### What to produce
Beginning with the line containing "На данный момент" and going on through the line containing "商品名称:(巨邦佑)BJ+克林莱 一次性滑刀式PE进口保鲜膜30cm*150m WHH-1047", the lines below are to be returned exactly, pictures excluded and nothing added.

### Provided entries
..........

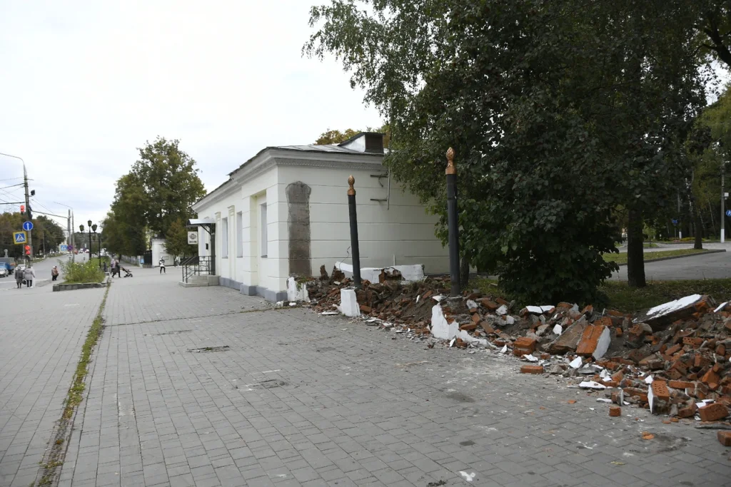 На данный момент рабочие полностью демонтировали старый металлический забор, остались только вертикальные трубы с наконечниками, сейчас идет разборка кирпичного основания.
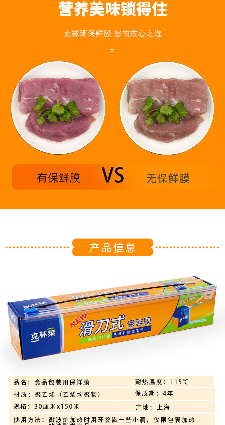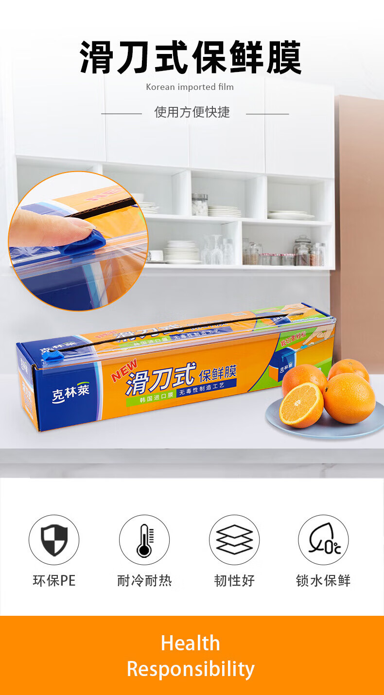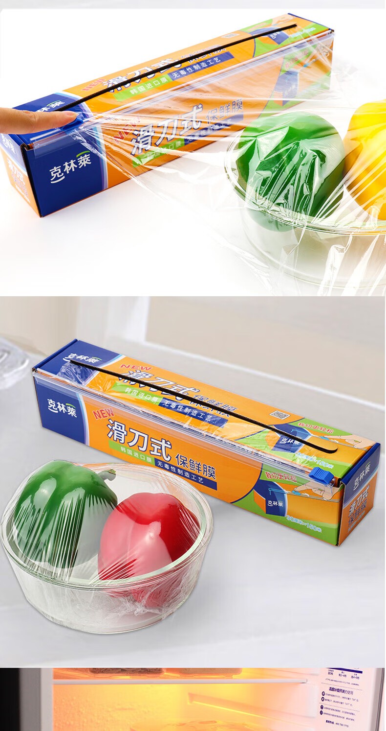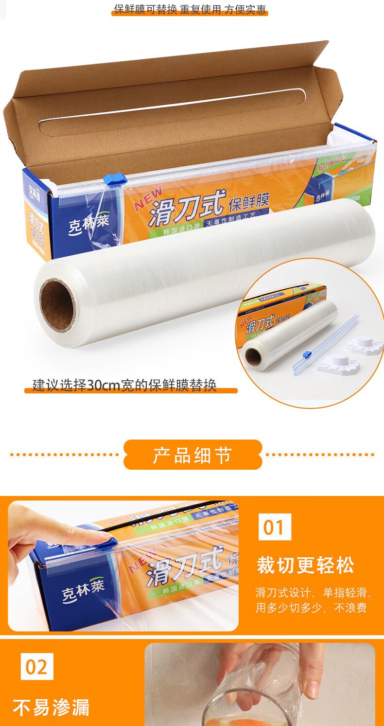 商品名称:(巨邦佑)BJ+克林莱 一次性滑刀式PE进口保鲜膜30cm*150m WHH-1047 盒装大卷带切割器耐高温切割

..........

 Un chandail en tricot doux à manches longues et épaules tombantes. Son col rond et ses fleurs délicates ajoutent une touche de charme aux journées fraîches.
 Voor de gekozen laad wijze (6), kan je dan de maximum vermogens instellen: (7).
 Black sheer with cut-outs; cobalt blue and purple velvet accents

..........

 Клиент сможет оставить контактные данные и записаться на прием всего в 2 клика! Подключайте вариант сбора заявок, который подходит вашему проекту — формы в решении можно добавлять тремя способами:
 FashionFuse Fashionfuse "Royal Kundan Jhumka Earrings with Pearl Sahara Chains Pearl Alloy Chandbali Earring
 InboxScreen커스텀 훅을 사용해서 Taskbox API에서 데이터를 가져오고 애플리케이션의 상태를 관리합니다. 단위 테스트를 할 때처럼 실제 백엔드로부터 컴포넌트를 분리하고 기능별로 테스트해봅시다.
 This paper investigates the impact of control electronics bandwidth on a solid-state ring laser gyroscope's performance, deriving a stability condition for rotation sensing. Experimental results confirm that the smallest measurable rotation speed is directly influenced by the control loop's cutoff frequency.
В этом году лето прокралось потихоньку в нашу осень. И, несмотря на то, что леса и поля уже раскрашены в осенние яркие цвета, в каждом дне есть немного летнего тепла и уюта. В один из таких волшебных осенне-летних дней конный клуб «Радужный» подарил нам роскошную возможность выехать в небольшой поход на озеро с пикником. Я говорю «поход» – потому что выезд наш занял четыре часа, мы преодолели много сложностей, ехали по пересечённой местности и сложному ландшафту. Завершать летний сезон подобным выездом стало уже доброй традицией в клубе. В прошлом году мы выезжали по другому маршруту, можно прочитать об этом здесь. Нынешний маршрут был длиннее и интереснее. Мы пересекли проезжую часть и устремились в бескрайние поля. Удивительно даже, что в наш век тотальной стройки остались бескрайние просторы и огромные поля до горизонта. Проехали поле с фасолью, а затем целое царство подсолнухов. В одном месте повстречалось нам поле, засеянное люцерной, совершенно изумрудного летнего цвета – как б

..........

### Finished task
 На данный момент рабочие полностью демонтировали старый металлический забор, остались только вертикальные трубы с наконечниками, сейчас идет разборка кирпичного основания.
 商品名称:(巨邦佑)BJ+克林莱 一次性滑刀式PE进口保鲜膜30cm*150m WHH-1047 盒装大卷带切割器耐高温切割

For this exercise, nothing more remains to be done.